Investors holding contracts in China’s iron ore futures saw them fall to a three-year low, as well as this, trading has almost halved in volumes since May this year.
Iron ore is currently trading at US$66.03 per US tonne.
Comparatively, there was a mixed price performance after Chinese steel and bulk commodity futures yesterday.
Iron ore prices suffer after companies begin direct trade
In an effort to increase volume, the Dalian commodity exchange opened its iron ore derivative contract to foreign investors. According to The Australian Financial Review, it was also in part to lift China’s impact in pricing of its major commodity imports, like iron ore, steel and coking coal.
Making it the second contract of its kind to do so after the Shanghai oil futures.
A Shanghai-based trader commented on the decision, as reported by The Australian Financial Review:
‘The biggest players in the iron ore futures market are not the physical traders.

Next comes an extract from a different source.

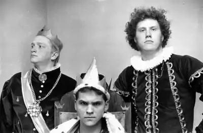 The University of Maryland's political group referred to itself as the Monarchist Party. It had the same goals as FSU's party, but it started much earlier. The actual organization date is uncertain, but some sources put it starting as far back as 1969[20] or possibly 1972. This seems to be the start date of the Markland Medieval Mercenary Militia[21] and there is some evidence that Monarchist Party split from the Militia to make sure it would continue to get funded by the Student Government Association.[20] It was not until 1985 that they got elected, and at that point they won the top slot by taking the Student Body Presidency. This first elected student king was King Tom II, AKA Tom Cooper, who later served in USMC during the Gulf War and then as a Maryland State Trooper ("Super-duper Trooper Cooper").[22] Also serving in the first court were Queen Virginia, Lord High Chancellor Duke Sir Paul, and Chancellor of Exchequer Prince Jim.
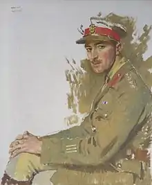 After the War he attended the Staff College, Camberley from 1920 to 1921,[1] and served in the War Office before becoming brigade major of 1st Rhine Brigade in 1921.[8] He was appointed an instructor at the Staff College in 1932, military attaché at the British Embassy in Berlin in 1935 and Deputy Director of Staff Duties at the War Office in 1937.[8] He served in Second World War on the General Staff of the British Expeditionary Force (BEF) before becoming General Officer Commanding (GOC) 2nd Armoured Division in 1939[10] and then, following an accident in April 1940, being invalided out of the army in 1941.[8][11]

They are people who would try any futures market where there’s opportunity to make money.’
The worlds most traded iron ore contract fell 34 million lots last month, against its previous 60.1 million lots in May.
Wang Bing, a spokesman for the Dalian exchange, told Reuters that:
‘Iron ore prices have been really flat in recent months. Therefore industrial investors have less hedging demand, while speculators have less interest to invest.’
While Dalian Commodity Exchange’s Chief Executive Officer, Wang Fenghai, confirmed during an industry conference last week that there was over 50 foreign companies that have begun trading the Dalian iron ore futures contract.
Doubt still looms over future of Iron ore prices
Despite last Friday’s spot markets closing with mid and higher grades, lower grades continued to decline.
The manager of iron ore and steelmaking resources at Beijing’s office of Japanese trading firm Itochu Corp, Tatsushi Shigemori, left investors with this to say about iron ore prices:
‘We’re not decided yet. We need to watch the futures market and transaction volumes.’
And this was very much so reflected in the uncertainty of iron ore prices, as well as China’s slowing economy.